When does a left adjoint between Heyting algebras preserve 1?
Following the suggestion by Alex Kruckman, let us consider a more general situation. Let $A,B$ be complete cartesian closed categories, and $f : A \to B$ be a functor (between the underlying categories) which is left adjoint to a functor $g : B \to C$. We want to find conditions when
- $f$ preserves binary products, i.e. for all $a,a' \in A$ the canonical morphism $f(a \times a') \to f(a) \times f(a')$ is an isomorphism.
- $f$ preserves the terminal object, i.e. the canonical morphism $f(1) \to 1$ is an isomorphism.
By the Yoneda Lemma, $f$ preserves binary products iff for all $a,a' \in A$ and $t \in B$ the induced morphism $$\hom(f(a) \times f(a'),t) \to \hom(f(a \times a'),t)$$ is an isomorphism. Now let us compute both sides: $$\begin{array}{cll} \hom(f(a) \times f(a'),t) & \cong & \hom(f(a),\underline{\hom}(f(a'),t)) \\ & \cong & \hom(a,g(\underline{\hom}(f(a'),t)))\\\\ \hom(f(a \times a'),t) & \cong & \hom(a \times a',g(t)) \\ & \cong & \hom(a,\underline{\hom}(a',g(t)))\end{array}$$ This shows that there is a canonical morphism (again by the Yoneda Lemma) $$g(\underline{\hom}(f(a'),t)) \to \underline{\hom}(a',g(t))$$ which is an isomorphism for all $a',t$ iff $f$ preserves binary products (Yoneda once again).
Similarly, $f(1) \to 1$ is an isomorphism iff for all $t \in B$ the induced morphism $$\hom(1,t) \to \hom(f(1),t) \cong \hom(1,g(t))$$ is an isomorphism, i.e. $g$ induces isomorphisms on "global sections".
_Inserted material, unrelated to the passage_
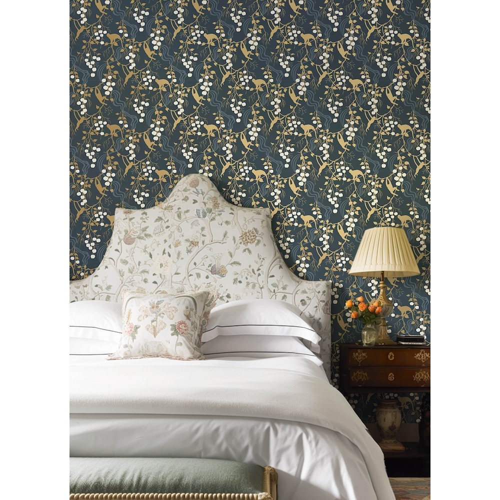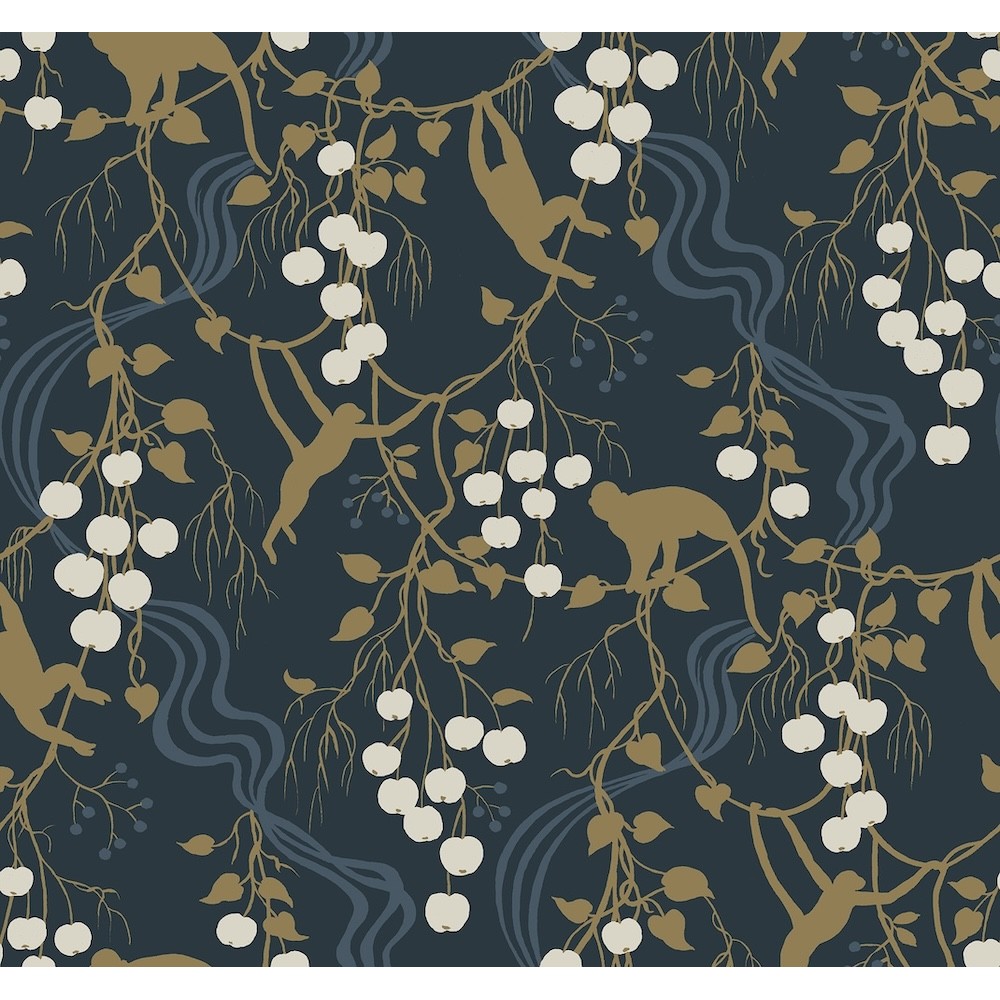 Monkeys swing and climb amongst vines laden with ripe fruit in this eclectic yet stately design. The scenic details are inked in metallic gold, denim, and white against a navy backdrop. Linden is an unpasted, non woven wallpaper measuring 27 inches wide by 27 feet long, covering approximately 60.8 square feet per roll.
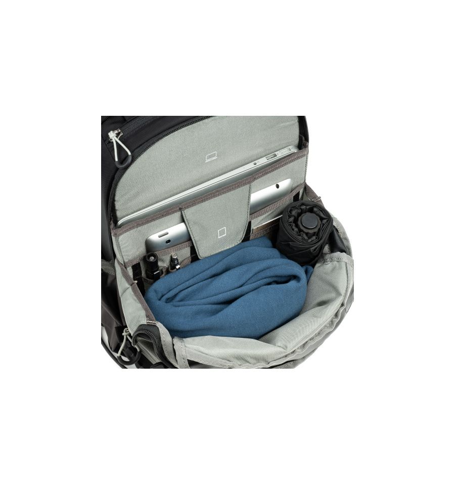 La BackLight 18L Slate Black es una mochila que permite acceder al equipo fotográfico sin quitártela, girándola hacia el frente mientras el cinturón está asegurado. Tiene capacidad para llevar 2 cuerpos de cámara y hasta 3 objetivos en conjunto. Con compartimentos para portátil de 13" y una tableta de 10".

Actually the same proofs work when $A,B$ are symmetric monoidal categories and $f$ is an oplax monoidal functor, for which we want to find conditions that it is a strong monoidal functor. Here is an example from algebraic geometry: If $f : X \to Y$ is a morphism of ringed spaces, then $f^* : \mathsf{Mod}(Y) \to \mathsf{Mod}(X)$ is strong monoidal. For example, $f^* \mathcal{O}_Y \cong \mathcal{O}_X$ since $f_*$ induces isomorphisms on global sections (by the very definition of $f_*$).
If $A,B$ are complete Heyting algebras (i.e. skeletal complete cartesian closed categories), we have $\hom(1,t) = \{\mathrm{id}_1\}$ for $t=1$ and $=\emptyset$ otherwise. This shows: $f(1)=1$ iff $g^{-1}(\{1\})=\{1\}$.
I've been thinking about this question for a bit. It seems to me that we can't be looking for an answer too "similar" to $g(fa\to b)=a\to gb$ because this is an equation in $A$, and such an equation will not (I believe) suffice for $f1=1$. The idea is that requiring $f1=1$ asks that "$1\in B$ must be in the image of $f$", whereas requiring $f$ to be meet-preserving doesn't ask that "every meet in $B$ must be of the form $f(a_1\wedge a_2)$ for some $a_1,a_2\in A$".
So, in my opinion, a reasonable answer to the question would be to come up with an indirect way of writing $1\in B$ in terms of $\to$ and then simply require $f1$ to equal that expression. For example, it turns out that $1=fa\to f1$ for all $a\in A$, and thus we could say that $f$ preserves 1 if and only if $$f1=fa\to f1$$ for all $a\in A$. I am not totally satisfied with this answer, but I will at least prove it.
Proof: Let's first establish what properties we can use. Since $B$ is a Heyting algebra we have $$\tag{1}b\wedge c\leq d\quad\Leftrightarrow\quad b\leq c\to d$$ for all $b,c,d\in B$. We are also given that $f$ is left adjoint to $g$, which means that $$\tag{2}fa\leq b\quad\Leftrightarrow\quad a\leq gb$$ for all $a\in A$ and all $b\in B$.
Now since $f1\leq f1$ we have $1\leq g(f1)$ by (2), so if $a\in A$ then we have $fa\leq f1$ by (2) again because $a\leq 1\leq g(f1)$. Therefore $1\wedge fa\leq f1$ for all $a\in A$, and as such $1\leq fa\to f1$ for all $a\in A$ by (1). Hence $fa\to f1=1$ for all $a\in A$.